Les citoyens reconnaissent l’utilité de l’intelligence artificielle mais s’en méfient. C’est ce qui ressort d’une consultation publique dont les résultats ont été dévoilés mercredi.
Le gouvernement l’avait annoncé en 2019 : l’intelligence artificielle (IA) doit «s’enraciner dans le tissu social» pour «améliorer la vie de tous les citoyens» et son développement doit être «centré sur les besoins de l’humain». Afin de mieux cerner la perception de la population quant aux opportunités et aux défis que représente l’IA au Luxembourg et pour pouvoir mettre en œuvre sa vision stratégique, le gouvernement avait lancé en novembre dernier une consultation publique, dont les résultats ont été présentés mercredi au cours d’une conférence de presse à laquelle a participé le Premier ministre et ministre de la Digitalisation, Xavier Bettel.
Sur les 20 000 courriers envoyés auprès d’un échantillon représentatif des résidents âgés de plus de 16 ans, le Luxembourg institute of socio-economic research (Liser), en charge de l’analyse de cette enquête, a reçu près de 2 400 réponses. «Cela montre un intérêt indéniable de la population quant à la question de l’IA», relève le professeur Aline Muller, directrice générale du Liser.
Il ressort ainsi de cette étude qu’une large majorité des citoyens considère que l’IA présente des avantages et peut apporter des progrès, en facilitant les tâches de la vie quotidienne (70%) ou en automatisant des tâches répétitives sur le plan professionnel (64%). Pour les personnes en faveur d’une utilisation accrue de l’IA, c’est dans le domaine de l’administration publique que l’IA pourrait se révéler particulièrement utile, notamment pour réduire les démarches administratives, permettre le suivi de la mobilité voire offrir une mobilité personnalisée, ou encore pour établir un système de trafic intelligent. Sans oublier le domaine de la santé : l’IA aurait un rôle à jouer pour recevoir des diagnostics médicaux plus précis mais aussi prévenir des maladies, selon les sondés.
Par contre, ils sont tout autant (64%) à considérer que l’intelligence artificielle n’est pas fiable et plus de la moitié des personnes ayant participé à l’enquête estime que le recours à l’IA est opaque – les individus ne savent pas où elle est utilisée ni avec quelles données. Si l’IA paraît peu risquée dans le domaine de la mobilité, il en va différemment en matière de sécurité et de défense et pour la santé. «Ces domaines présentent beaucoup de potentiel pour les participants, mais aussi beaucoup de risques», souligne le professeur Aline Muller.
En outre, un peu plus d’un résident sur deux (54%) connaît le Règlement général sur la protection des données (RGPD) mais parmi eux, moins d’un individu sur trois (27%) considère que ce règlement protège suffisamment les citoyens.
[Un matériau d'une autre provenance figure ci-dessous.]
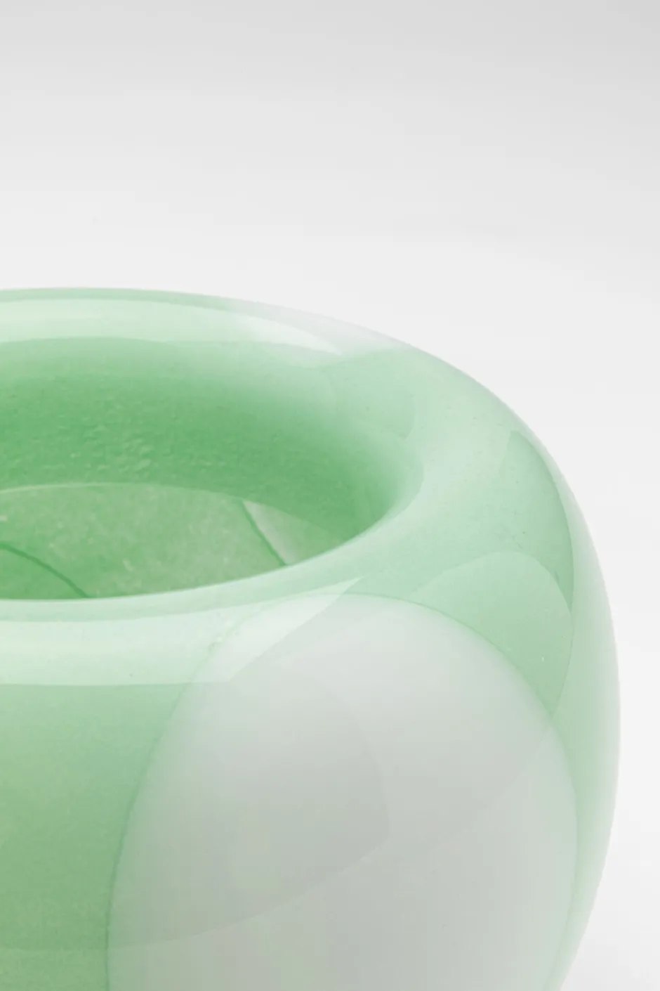 - In einem erfrischenden Pastellgrün mit weißen Akzenten und dank der abgerundeten Form setzt die Vase stilvolle Akzente
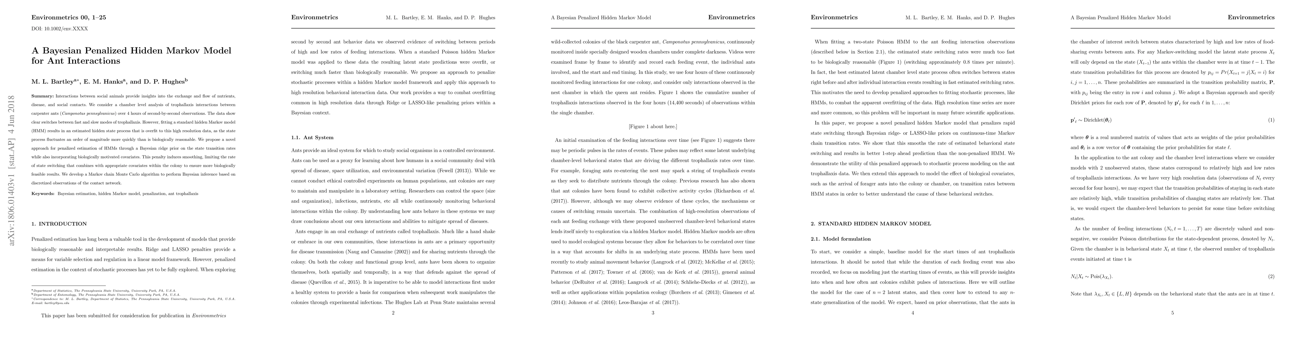 This research introduces a Bayesian penalized Hidden Markov Model to analyze trophallaxis interactions in carpenter ants, addressing overfitting from standard HMMs. The method incorporates biological covariates and uses MCMC for inference, yielding more realistic, smoother state transitions in ant behavior.
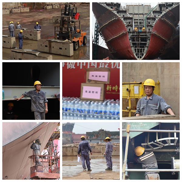 盛夏,热浪压迫着大地,空气中弥漫着钢板被炙烤的特殊气味,一群群身着工作服的人们正冒着酷暑进行着海洋巨轮的建造工作。
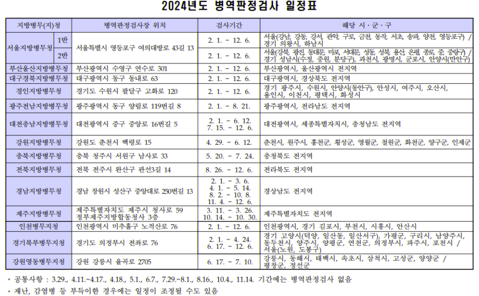 ※ 다만, 아래 지역에 거주하는 사람 중 관할 지방병무청 병역판정검사가 없는 기간에 검사를 희망하는 경우 가까운 지방병무(지)청으로 선택 가능합니다.

Toutefois, plus des trois quarts de la population fait plutôt confiance à l’administration publique, alors qu’ils ne sont que 46% à faire confiance au secteur privé. «Sans surprise, l’enquête confirme qu’au Luxembourg, les gens sont hyper connectés tout en étant très conscients que leur vie privée n’est pas nécessairement respectée : ils sont lucides sur le fait que des données sont vendues ou collectées à leur insu», résume la directrice du Liser.
Des plus de 60 ans «branchés»
Contrairement à ce à quoi l’on aurait pu s’attendre, l’enquête montre par ailleurs que les plus de 60 ans sont loin d’être déconnectés. «Il y a un très grand intérêt des personnes de plus de 60 ans pour l’IA, notamment dans le domaine de la santé. Ils s’informent aussi très activement. En fait, plus que l’âge, ce sont les inégalités sociales, particulièrement en termes d’éducation, qui favorisent la déconnexion, analyse Aline Muller. Il faut donc expliquer l’IA dans des termes qui puissent être compris par tous.»
«Les plus de 60 ans sont branchés, a plaisanté le Premier ministre. Ils sont beaucoup plus connectés que ce que l’on pourrait penser. Je pense même qu’une personne plus âgée aura davantage tendance à lire les conditions d’utilisation que quelqu’un de plus jeune. Il faut donc faire comprendre à tous, dès le plus jeune âge, que lorsqu’on cherche quelque chose sur internet, en fait, on n’est pas seul.»
D’ailleurs, plus de 80% des répondants souhaitent la mise en place d’une campagne de sensibilisation et d’information sur l’usage de l’IA. «Nous ne pouvons pas nous cacher derrière la complexité de la technologie et devrons rester en échange permanent avec les experts. Il faut activement veiller à éviter toute inégalité liée à l’IA et s’assurer que l’être humain soit toujours le bénéficiaire de la technologie», a commenté Xavier Bettel, rappelant en outre qu’une dizaine de projets au sein de différentes administrations sont en cours de développement afin d’expérimenter concrètement avec les algorithmes les plus modernes.